Come emerge da approfonditi studi condotti in ambito UE, in tutti i paesi membri, il volontariato costituisce un elemento imprescindibile nell’offerta di sport, soprattutto per quanto concerne le attività di base e ricreazionali. L’importanza del lavoro volontario come pilastro inamovibile dell’offerta di sport è confermata dalla legislazione fiscale di numerosi paesi europei, dove sono state previste particolari agevolazioni, sottoforma di esenzioni. Solamente per fare un esempio, possiamo riferirci al caso italiano, dove i rimborsi per i volontari sono esentasse fino ad un tetto massimo di 7.500 euro annuali. Lo stesso meccanismo viene applicato anche in Austria, dove il tetto sale però a 10.900 euro.

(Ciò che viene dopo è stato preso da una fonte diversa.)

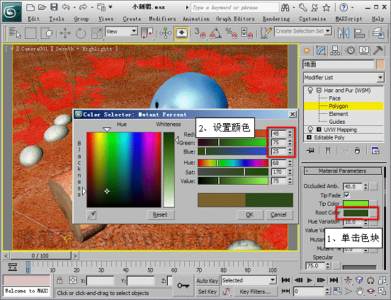 (8)將Root Color顏色顯示窗內的顏色設置為墨綠色。

Iniziamo però a parlare di volontariato sportivo partendo dalla sua stessa definizione: la definizione a cui ci si rifà per identificare il volontariato dello sport è quella generica che identifica le attività di volontariato come: tutte le attività, formali e informali, full- time o part-time svolte dalle persone sulla base della loro personale volontà e delle loro motivazioni, senza lo scopo di ottenere una remunerazione (IGF GHK, 2010).

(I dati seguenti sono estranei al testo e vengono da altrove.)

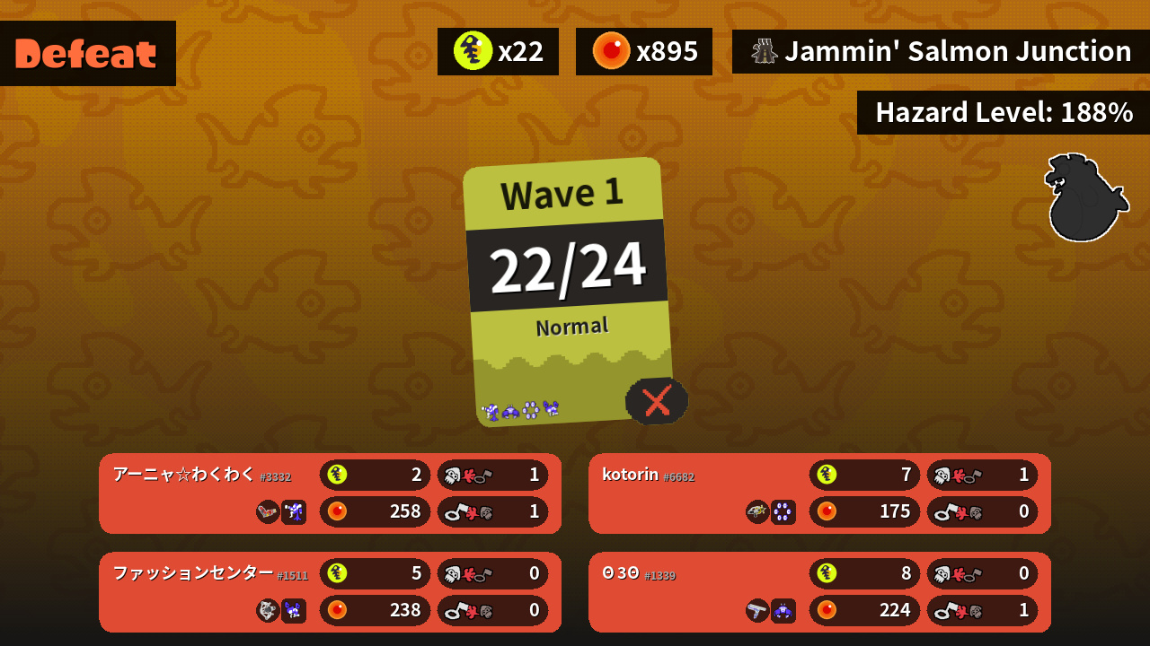| Boss Salmonid | 1 | 2 | 5 | 8 |

Di fronte al lavoro volontario (non solo sportivo ma di qualsiasi tipo) ci si è più volte chiesto, quale è il valore economico generato da questo tipo di attività lavorativa. Una risposta che possiamo prendere in considerazione, per comprendere la rilevanza del volontariato, oltre che in una prospettiva sociale, anche in un’ottica economica è quella contenuta nel Rapporto Finale Volunteering in the European Union prodotto nel 2010 su commissione dall’Educational, Audiovisual & Culture Executive Agency (EAC-EA) - Directorate General Education and Culture (DG EAC). Nel documento si fa

riferimento al Manifesto del Lavoro Volontario pubblicato nel 2006 dall’European Volunteer Centre dove si evidenziavano i casi di alcuni paesi europei:

nel Regno Unito sono 23 milioni le persone che si dedicano al volontariato, garantendo una forza-lavoro pari a quella di 180.000 lavoratori a tempo pieno. Per ogni euro di finanziamento pubblico speso per sovvenzionare il volontariato, i volontari contribuiscono con un valore di 30 euro in termini di tempo lavorativo; si stima che il valore economico del lavoro del volontariato organizzato nel Regno Unito sia maggiore di 65 miliardi di euro all’anno, cioè il 7,9% del PIL.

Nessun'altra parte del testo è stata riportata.